- Nueva Frontera Location in Honduras
- Coordinates: 15°18′N 88°40′W﻿ / ﻿15.300°N 88.667°W
- Country: Honduras
- Department: Santa Bárbara
- Nueva Frontera: 1 August 1998

Area
- • Land: 155.46 km^{2} (60.02 sq mi)

Population (2013)
- • Total: 13,069
- • Density: 84.067/km^{2} (217.73/sq mi)
- Time zone: UTC-6 (Central America)

= Nueva Frontera =

Nueva Frontera is a municipality in the department of Santa Bárbara, Honduras. It was officially established on 1 August 1998. It covers an area of 155.46 km2 and had a population of 13,069 inhabitants according to the 2013 national census.

== History ==
Nueva Frontera was created by Decree No. 192-97 of the National Congress of Honduras, which was published in the official gazette on 17 December 1997. The decree established the municipality under the given name, which was earlier known as "Trascerros" based on a suggestion by Solomón Fajardo. The municipality was officially established on 1 August 1998.

== Geography ==
Nueva Frontera is a municipality in the department of Santa Bárbara in Honduras. It borders the municipalities of Azacualpa to the north, Macuelizo to the south and east, and Florida to the west. It also shares land border with Guatemala to the west. The municipality is spread over an area of 155.46 km2, about 87 km from San Pedro Sula and 326 km from Tegucigalpa.

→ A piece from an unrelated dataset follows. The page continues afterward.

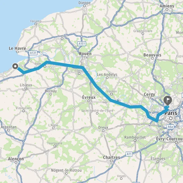 Continuer et rejoindre A13 E46. Continuer sur 158 kilomètres

== Administrative divisions ==
Nueva Frontera comprises eight aldeas (villages) and their associated caseríos (hamlets).

Population of Nueva Frontera by aldea (2013)
| Aldea | Population | Men | Women |
|---|---|---|---|
| Trascerros | 4,725 | 1,974 | 2,302 |
| San José de Tarros | 3,431 | 1,443 | 1,739 |
| El Ermitaño | 2,031 | 830 | 1,088 |
| Piladeros | 996 | 387 | 480 |
| El Oro | 622 | 246 | 304 |
| El Barranco | 514 | 229 | 269 |
| Pueblo Nuevo | 459 | 184 | 246 |
| San Miguelito | 290 | 125 | 150 |
| Total | 13,069 | 5,418 | 6,578 |

== Demographics ==
According to the 2013 census, Nueva Frontera had a population of 13,069 inhabitants, of whom 5,418 were male and 6,578 were female. It had an urban population of 4,565 inhabitants and a rural population was 8,503 inhabitants. By broad age group, 41.5% of the population were aged 0–14, 53.3% were aged 15–64, and 5.3% were aged 65 and over. The median age was 18.4 years and the mean age was 24.1 years. Of the population, 0.28% were classified as Indigenous and rest as non-indigenous. Among the population aged 15 and over, the illiteracy rate was 28.4%, which was higher than the departmental average of 22.2%.